The notes should include all the registry codes to which the datapoint maps, including the name of the parent datapoint. eg in the COSD section, the datapoint name itself will contain the COSD code, but we should ensure that the attached notes also list the COSD code, for completeness.
- Once we have processed a datapoint as above (consolidated information from, and then deleted the duplicate datapoints), we mark the datapoint with a blue flag ( )to show that we have completed the analysis phase.
But if there are any questions to resolve (eg regarding possible mappings, or perhaps even possible errors detected) we mark it with a red flag ( ).
- If we are unsure whether one of the duplicate fields is truly a duplicate, then do not delete it, and also mark it with a red flag ( ). Eg if there are 4 definitely identical datapoints, and 2 further possible (but not definite) duplicates:
– Keep one of the “definites” and the 2 “possibles”. Mark these with red flags.
– Delete the other 3 datapoints (the redundant “definites”).
- After you have formed your main sub-mindmaps, go back and check if all datapoints on the main mindmap have a marker. If not, they have not yet been processed.

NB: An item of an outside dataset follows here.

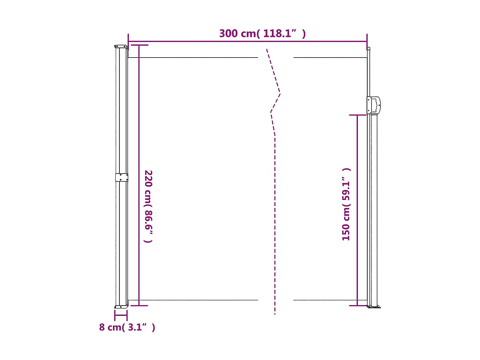 Auvent latéral rétractable noir 220x300 cm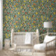 Transform your living space with this exquisite vintage wallpaper, inspired by the timeless designs of William Morris. This botanical masterpiece features a detailed pattern of lush green leaves intertwined with vibrant pomegranates and citrus fruits, accented by delicate floral motifs. The colour palette includes rich shades of olive green, lemon yellow, coral red, and subtle ivory, all set against a striking deep teal background. Perfect for adding a touch of elegance and sophistication to any room, this wallpaper seamlessly blends classic charm with contemporary style.

If this unprocessed datapoint does not fit any of the categories of the existing sub-mindmaps, a new sub-mindmap may be needed to house these orphan datapoints (e.g. called “Miscellaneous”).
This approach has helped us to begin tackling the large datasets. However minor problems will undoubtedly arise, which will be documented below as they arise:
- Some datapoints from different registries refer to the same data, but at different time points (eg “PSA at diagnosis” vs “PSA at start of treatment”). We would expect our longitudinal data model to handle both datapoints, using the same archetype. We should treat these as duplicate datapoints, but this timing information should be recorded in the notes section, as it will be useful for future mappings. We retain only one of the datapoints, but mark it with a red flag ( ) to indicate that the mapping will not be straightforward.
- Some event metadata for items (eg “Event Date” in Genomics) can be difficult to map to other data points. We would expect this type of metadata to be handled by the reference model of openEHR, so we don’t dwell too long on this.